Welcome to the last trading day of the week! Let’s see if you can catch last-minute pips with not one, but TWO Fib-related setups on NZD/USD and CAD/JPY. Check it!
NZD/USD is seeing upside momentum after finding support at the .6250 minor psychological area.
Before you buy NZD/USD like there’s no tomorrow, though, you should note that the .6500 handle is a BFD for Kiwi bulls and bears.
Aside from the level serving as support and resistance area, it also currently lines up with a 50% Fibonacci retracement AND the 100 SMA on the daily chart!

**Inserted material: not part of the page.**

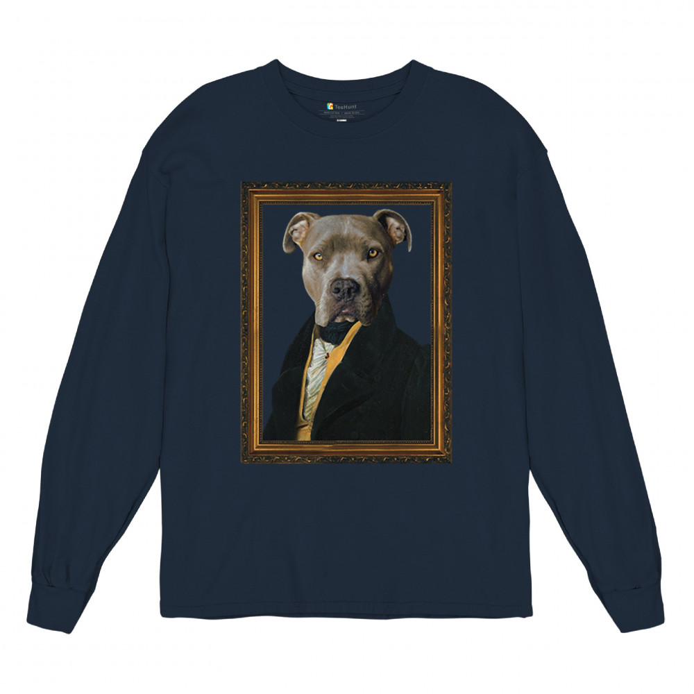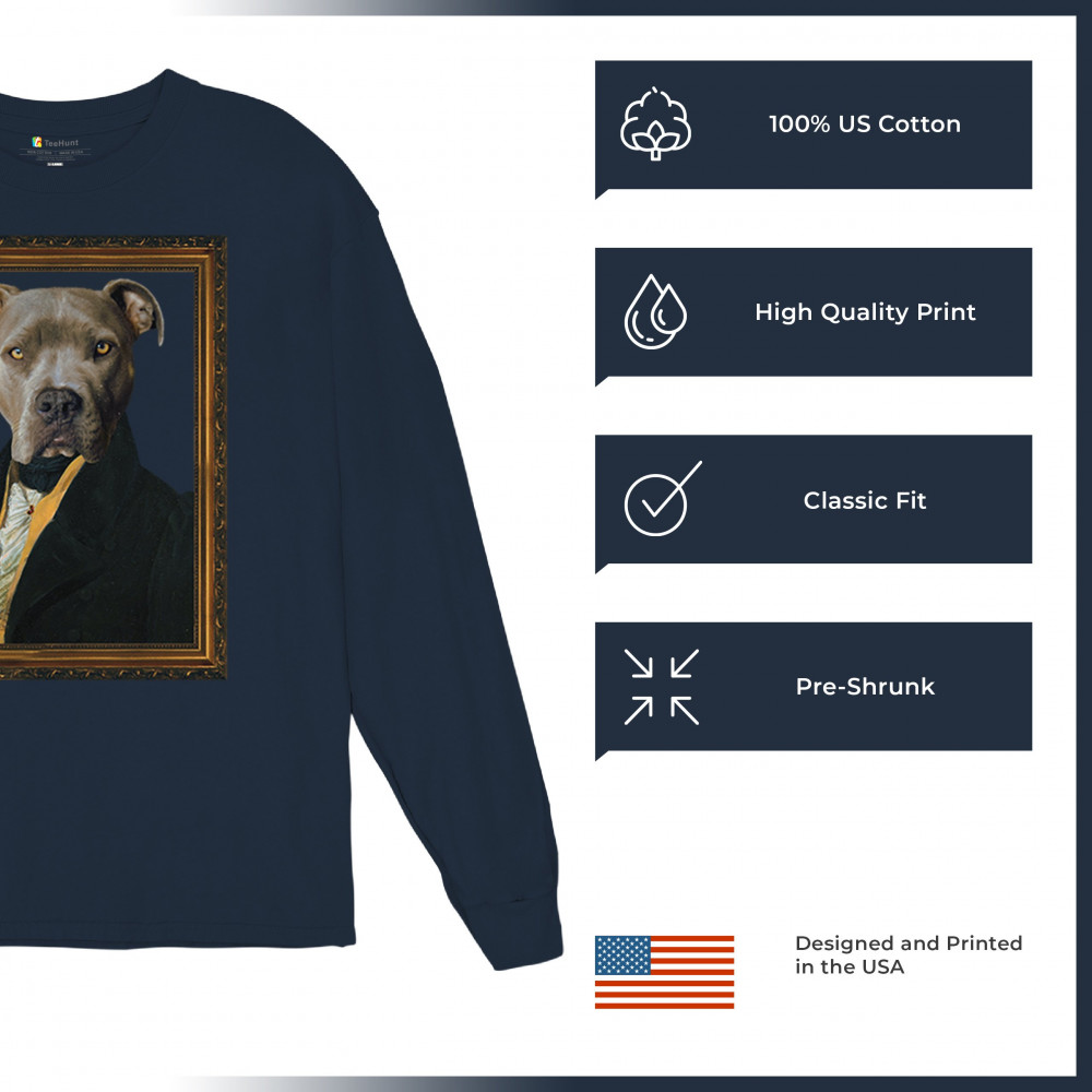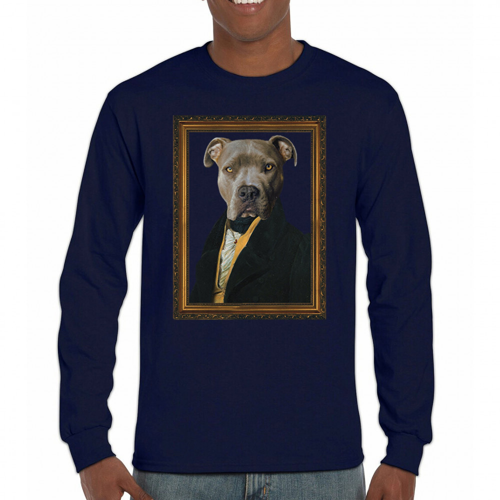 Unique pit bull portrait in 18th-century attire, blending humor and elegance for pet lovers and history enthusiasts. Perfect for home or office decor.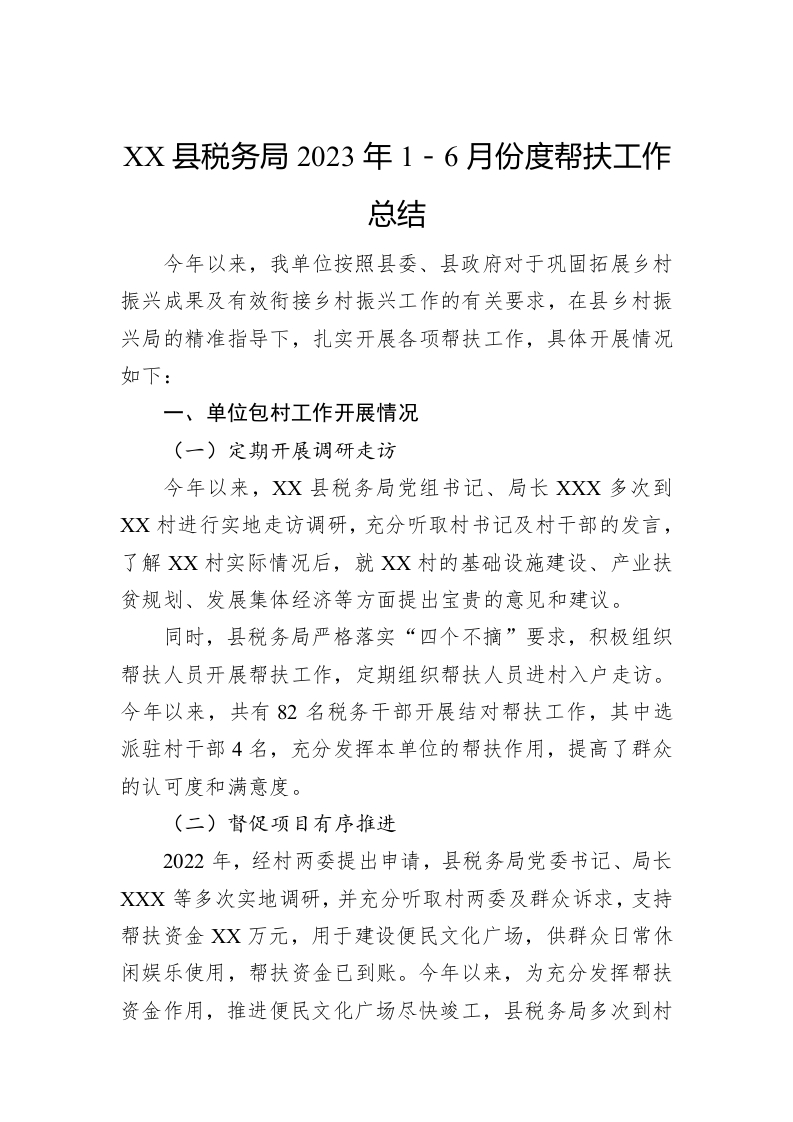 / XX县税务局2023年1-6月份度帮扶工作总结

Will Kiwi bears charge at a .6500 retest? Shorting at the first signs of a bounce makes for a good play especially if you believe that NZD/USD will drop back down to its October lows.
If you’d rather buy the Kiwi, however, then you could also go long at current levels and then bail at the earliest signs of a resistance.
Watch this one closely, yo!
Breakout warriors huddle up! CAD/JPY turned lower after hitting 83.50, which isn’t surprising since the level is an area of interest for the pair.
The chart is particularly hot this week because CAD/JPY is about to reach the 81.50 levels. As you can see, the area lines up with a previous resistance, 50% Fibonacci retracement, AND a broken trend line resistance on the daily chart.
Are we looking at a break-and-retest opportunity here? The pair is almost at the 81.50 zone, so I hope you can whip up a trading plan faster than you can say “pips!”
Buying at the first signs of bullish momentum would make for an excellent trade especially if CAD/JPY ends up jumping back to its H1 2019 highs.
If you’d rather short CAD/JPY, though, then you might want to wait for the pair to comfortably trade below the broken trend line before you pull the trigger on any short position.
Whichever direction you choose to trade, make sure you use wide stops like all them sane traders out there!